In Axis Bank Ltd. v. Maharashtra Theatres Pvt. Ltd., the NCLT, Mumbai held that, in view of the specific bar under Section 10A of the Code, and suspension of the Code on account of the COVID-19 pandemic, any attempt to initiate the CIRP against a corporate debtor for a default occurring after the cut-off date of March 25, 2020 (in this case, a default alleged to have occurred on October 31, 2020) would be impermissible.

In Bhadrashree Steel & Power Ltd. v. Maharashtra Industrial Development Corporation and Another, the NCLT, Mumbai, while following the Supreme Court's judgment in Ghanashyam Mishra and Sons Private Limited v. Edelweiss Asset Reconstruction, held that claims of the creditor in relation to water charges and services charges arising before the initiation of the CIRP, stood extinguished on the approval of the resolution plan and in view of the fact that the creditor had not made a claim upon public announcement of the initiation of the CIRP against the corporate debtor.

In Bohra Industries Ltd. Through its Resolution Professional v. National Stock Exchange of India Ltd. Through its Senior Manager (Listing Compliance), the NCLT, Jaipur condoned the imposition of fine on the corporate debtor for non-compliance with certain provisions of the Securities and Exchange Board of India regulations, which had taken place prior to the initiation of the CIRP and during the CIRP. The NCLT, Jaipur observed that in view of the moratorium under Section 14 of the Code and in view of the fact that after the company was taken over by the RP, certain compliances were made and the RP had explained the impediments being faced by him with respect to other compliances, the impugned order imposing fines was unsustainable. The NCLT, Jaipur noted that the burdening of the corporate debtor with the imposition of fines is against its interest, and also against the object of the Code.
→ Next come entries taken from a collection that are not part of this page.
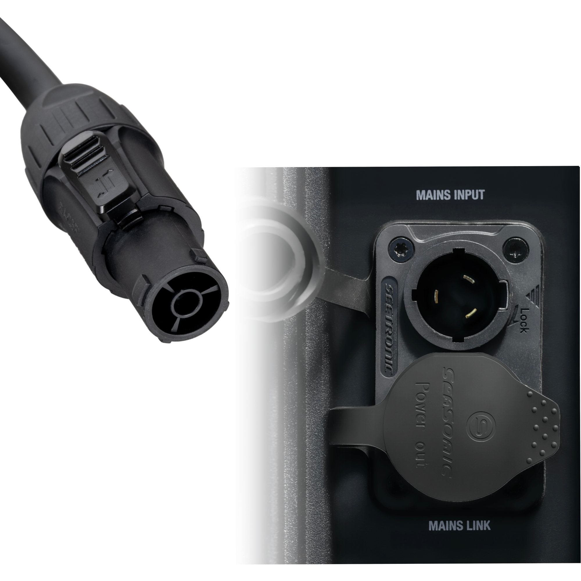 - Connector 2: Seetronic Power Twist TR1 female (PowerCon True 1-compatible)
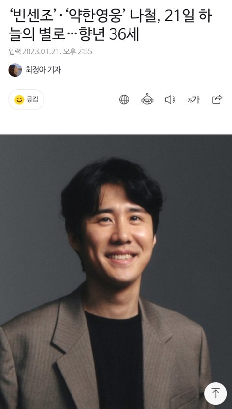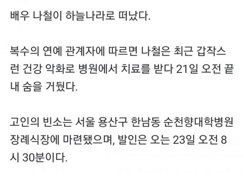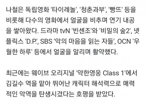 빈센조, 해피니스 등 많은 드라마에서 좋은 연기를 보여주셨던.. 나철님 삼가 고인의 명복을 빕니다..
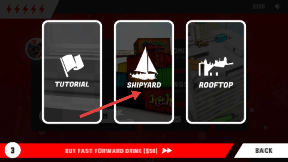 1、选择【SHIPYARD】场景,进入该关卡开始游戏。
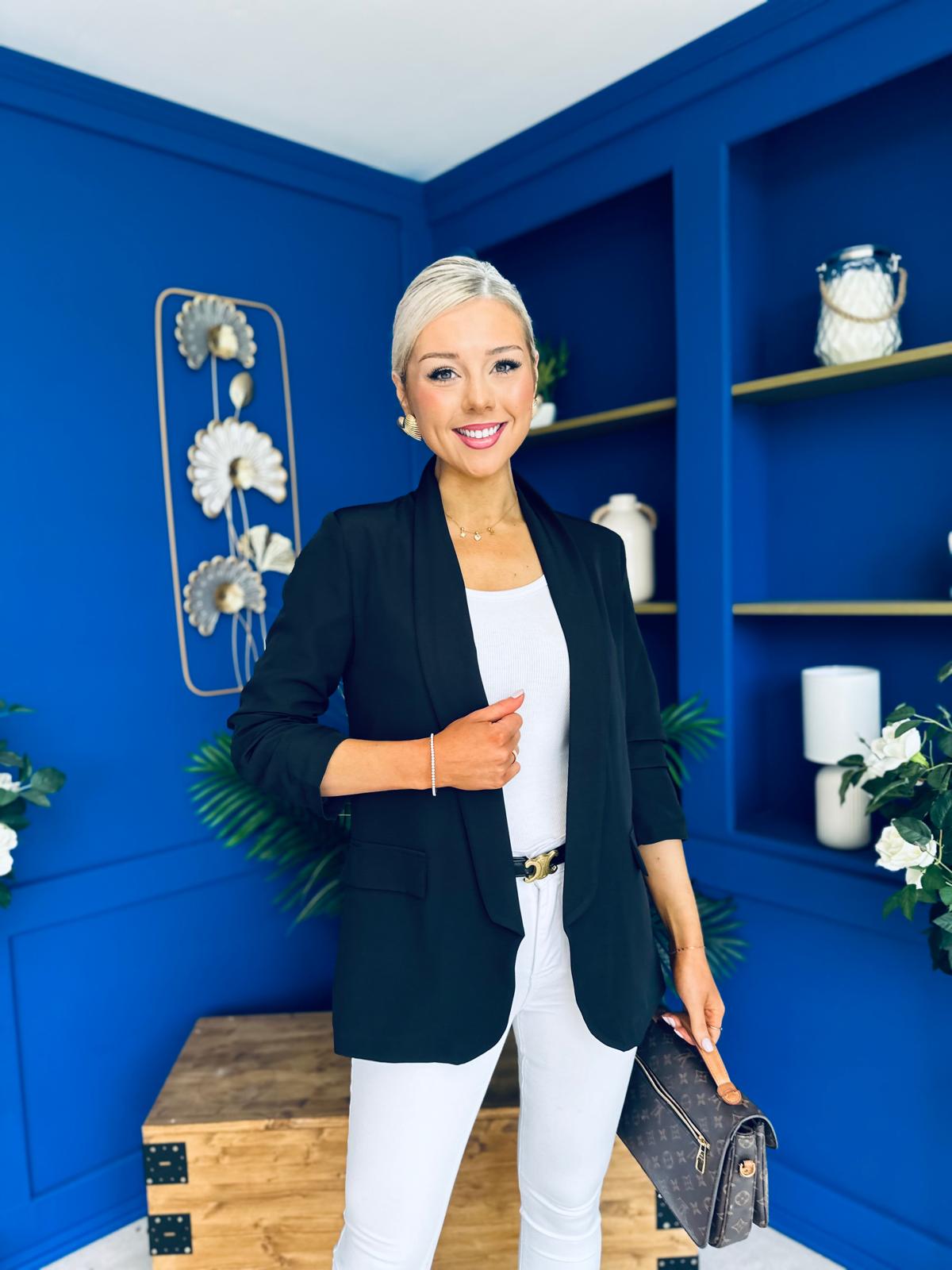 Fabulous Blazer with Tux style lapel & gathered sleeve to dress up any outfit

Karan Sangani is an advocate based out of Mumbai. Akshata Singh and Siddharth Sunil are advocates based out of Delhi. Shubhaankar Ray is pursuing his B.A., LL.B. (Hons.) programme at NALSAR University of Law. The present compilation represents the exclusive work of the authors in their personal capacities, and is not linked to any of the institutions/firms that they may be associated with.